Well, of course, Felipe VI is silent, because it seems that fascism does not divide Spanish families, nor is it a danger to democracy, nor is it an attack against fundamental liberties. Because Vox is a Spanish constitutionalist party, when in other places, like Germany, it simply would not have even been legalized. What type of Constitution does Spain have that it can accommodate a party like Vox and also persecute Catalan independence in every possible way? Not only judicially, but also politically and economically. Iglesias is experiencing in his own person something that was foreseen: for Spain's deep state, taking action against Catalan independence was a real-life test of how far it was willing to go. But it was by no means the last stop on the journey.
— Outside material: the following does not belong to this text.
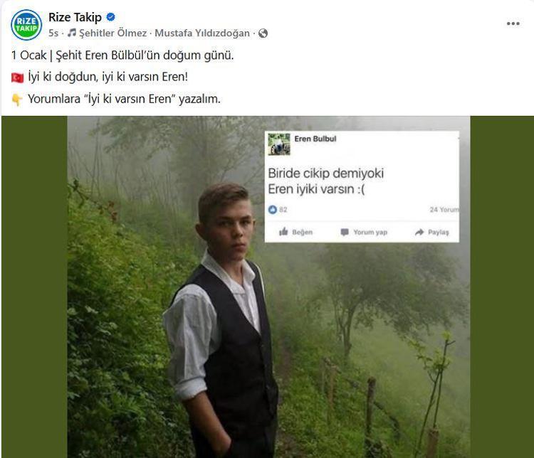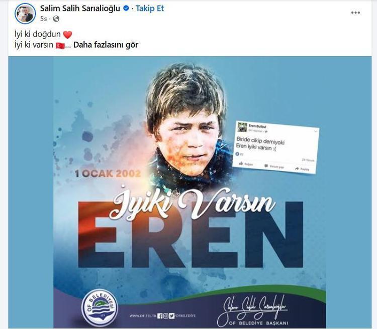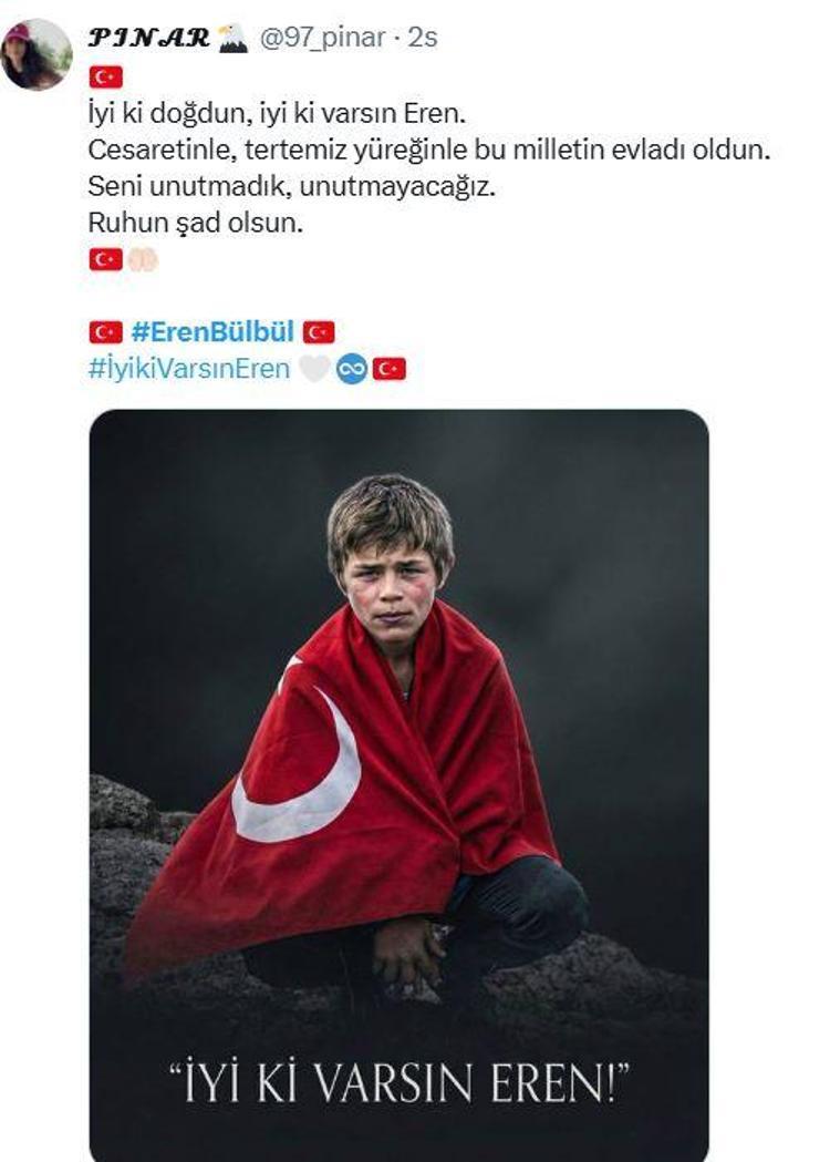 Ruhun şad olsun’, 'İyi ki varsın Eren, doğum günün kutlu olsun', 'İyi ki varsın Eren, bu millet seni asla unutmayacak', yorumlarıyla sayfalarında paylaşıp, kutlama ve anma mesajları yayımladı.

So-called Spanish constitutionalism, and in a very special way the Spanish right, have seized on concepts such as democracy and freedom and shut outside their perimeter those who do in fact defend democracy and freedom. What Pablo Iglesias is experiencing are the ravages of that action by political power to step out of the way in October 2017. At that time, Mariano Rajoy accepted that the Spanish prime minister should reign and not rule, and that Felipe VI should reign and rule. Not that he would make the laws, but something more important: that political power would be displaced by judicial power and the axis of cohabitation would shift from that joining the monarchy's Zarzuela Palace and the executive's Moncloa Palace, to the line running from the Zarzuela to the buildings located in Madrid's Calle del Marqués de la Ensenada - the seat of the General Council of the Judiciary - and the nearby Plaza de la Villa de París - location of the Supreme Court.
And that is how Spain is right now. With a head of state who finds protection in the far right and with a PSOE also entrenched in the regime of '78, and obsessed only with how the government can hold out for as long as possible.